State and local governments hemorrhaged jobs in the early months of the coronavirus pandemic, and the damage remains: Employment in that area remained at 1.4 million jobs, or 7%, lower in February 2021 than it was in February 2020. Three states—New Hampshire, Nevada, and Maine—have seen state and local government jobs drop by 10% or more. In a majority of states, it’s 5% or more.
Enter the American Rescue Plan, which includes $220 billion in funding for state and local government as well as nearly $130 billion for schools—which account for 47.4% of local government employees. Other state and local government workers include law enforcement, fire fighters, secretaries, janitors, dispatchers, paramedics, bus drivers, nurses, personal and home care aides, lawyers, and judges. Those jobs—and the services they provide and infrastructure they maintain—will be protected by this money, and the jobs saved are disproportionately likely to be held by women and Black workers. Critical services, too, will be saved because Democrats passed this law.
Public colleges and universities in 22 states have seen $1.9 billion in cuts, leading to more than 304,000 layoffs, with job losses falling disproportionately on the lowest-paid workers—again, often women and people of color.
In a telling sign about who the COVID-19 economy has hit the hardest, state and local government revenue shortfalls have been smaller than forecast because it’s been low-income people who suffered the most, leading to less loss of tax revenue than if the same number of high-income people had lost jobs. But, as the Economic Policy Institute’s Josh Bivens notes, that means the need for services and public assistance has grown, with, for instance, higher Medicaid enrollment. When people who are already struggling economically lose their jobs, their needs come right away.

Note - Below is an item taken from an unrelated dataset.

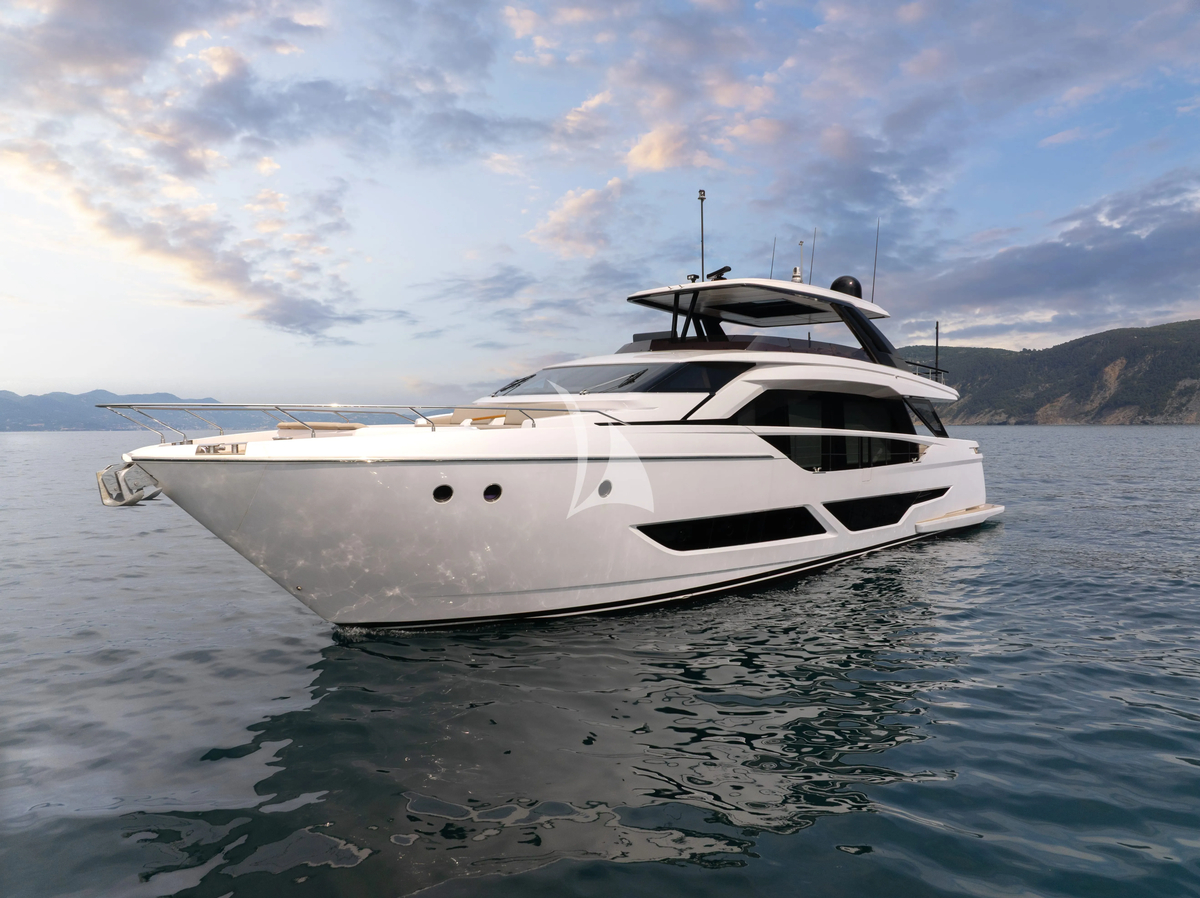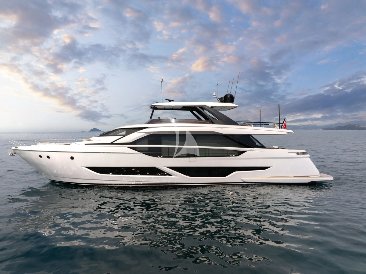 The Ferretti 860 Classic is an elegant Italian flybridge yacht that masterfully blends comfort, style and liveability.

The needs are clear—and now state and local governments need to make good decisions about what to do with the money. Senate Democrats made a key move on that front when they added an amendment to the American Rescue Plan blocking the lower-level governments from using the federal money for tax cuts. They did that because, Sen. Ron Wyden explained, the money is “to keep teachers and firefighters on the job and prevent the gutting of state and local services that we saw during the Great Recession,” and it’s therefore “important that there are guardrails to prevent these funds from being used to cut taxes for those at the top.”
Republicans are whining about that preemptive strike by Democrats, and trying to pass a bill to reverse it. But one thing to keep a close eye out for will be Republicans—not a single one of whom voted for the COVID-19 relief law—trying to claim credit. We’ve already seen that in other areas of the law, like Sen. Roger Wicker taking credit for aid to restaurants. He did sponsor legislation to aid the restaurant industry, and he voted for the amendment adding it to the American Rescue Plan. But he voted against the law as a whole, so no, he doesn’t get credit. Same goes for Rep. Maria Elvira Salazar, who is taking credit for a Biden administration action as her own “bipartisan COVID relief bill.”
When it comes to state and local aid, look for Republicans showing up at ribbon-cutting events for infrastructure projects, or touting school reopenings made possible by the new funding, or claiming to have done anything at all to protect jobs. In 2009, 114 Republicans played this game, taking credit for projects funded by the stimulus they had opposed. Republicans have not gotten less hypocritical since that time, it’s safe to say.
Everyone, and especially the local media who will likely be getting those Republican press releases taking credit, needs to be clear: Democrats made this happen, from the individual $1,400 payments to the extended and supplemented unemployment insurance to the money for schools and state and local governments. Republicans get zero credit.